Concrete driveways take a beating in Burlington. Road salt, freeze-thaw off Lake Ontario, and the Halton Till clay under most properties all work against a slab over the long run. We pour concrete driveways across Burlington with the mix design, base depth, and drainage detail that lets a slab actually last 25 to 35 years instead of cracking out at 12.

Quick answer: Seven Stones Landscape installs concrete driveways across Burlington — Aldershot, Roseland, Millcroft and nearby — for $14,000 to $24,000 installed on a standard 2-car driveway (2026), poured on a compacted, drainage-first granular base. ICPI-certified, $5M insured, with 4,000 PSI air-entrained mix.

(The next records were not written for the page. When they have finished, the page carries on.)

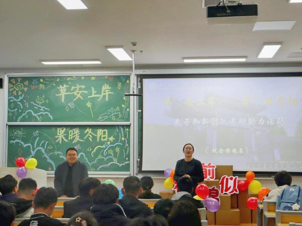 夫子知新团队“苹”安上岸,“果”暖冬阳考研助力活动于格物楼B110教室顺利举办。夫子知新团队负责人周子力,辅导员于媚媛、赵兴卯、洪亚玲参加活动。
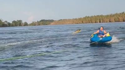 A man receives a sudden visit from a fish while lying on an inflatable armchair on the surface of a lake.
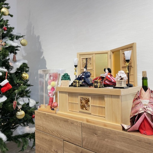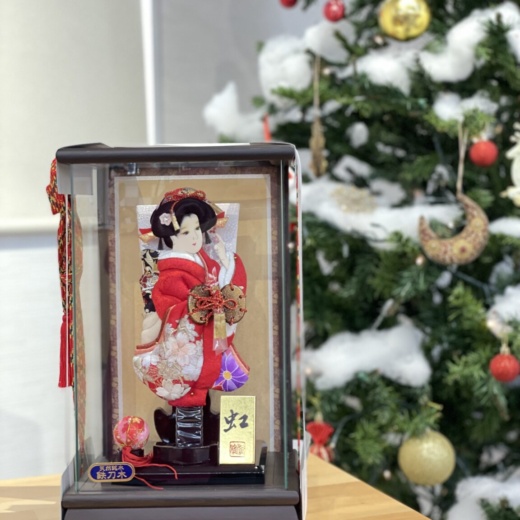 八女人形会館では、お客様をお迎えする大きなクリスマスツリーとともに、さまざまなお正月飾りを展示・販売しております。
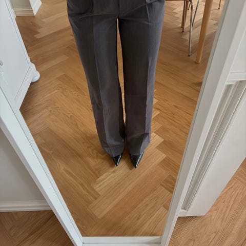 Pent brukt «dressbukse» fra Weekday i str M. Høy på livet og lommer på sidene. Jeg er 178cm, og den når meg til anklene☺️
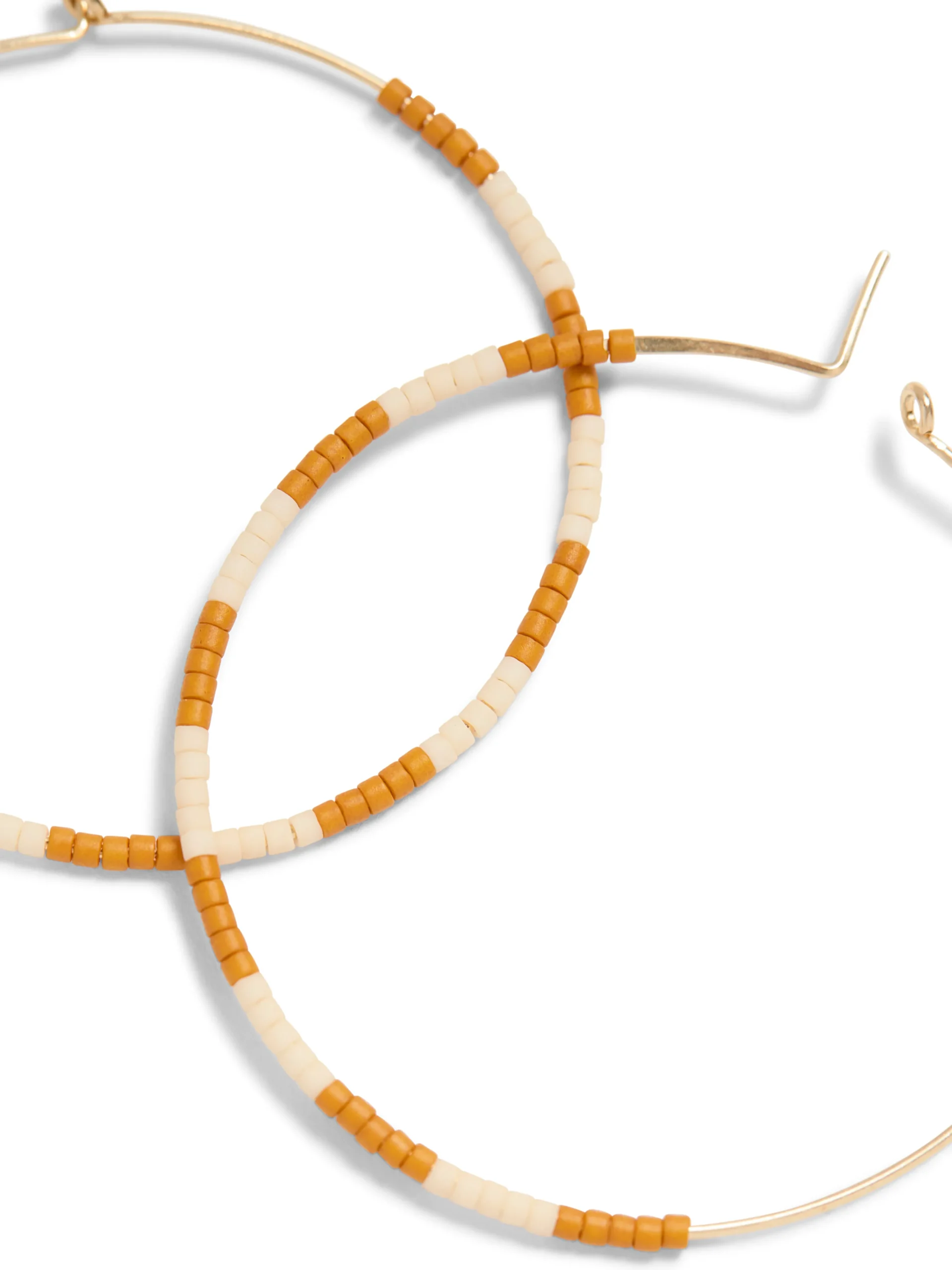 - Detail: Our lightweight and delicate hoops are made with 14k gold-filled wire and a striped pattern of glass seed beads.

Why Burlington Homeowners Hire Us

If you are comparing concrete driveway contractors in Burlington, the most important questions are not about colour or finish. They are about mix strength, air entrainment, base prep, and how the driveway sheds water. A 4,000 PSI air-entrained mix on a properly prepared 6 to 8 inch granular base behaves very differently from a 2,500 PSI pour on uncompacted clay.

Burlington driveways also pick up plenty of road salt every winter as cars track it off the QEW, Plains Road, and Fairview. That is why we use air-entrained concrete (5 to 7 percent entrained air), apply a penetrating siloxane sealer at year one, and recommend a sealer reapplication every 3 to 5 years. Without those steps, salt scaling shows up by the third winter on a lot of Burlington lots, especially the exposed lakeside driveways in Roseland and Shoreacres.

Many Burlington concrete driveway projects pair with new concrete steps, front-yard landscaping, or retaining wall work on escarpment-edge lots in Aldershot and Tyandaga. If the project is broader than just the driveway, we can scope it that way from the first quote.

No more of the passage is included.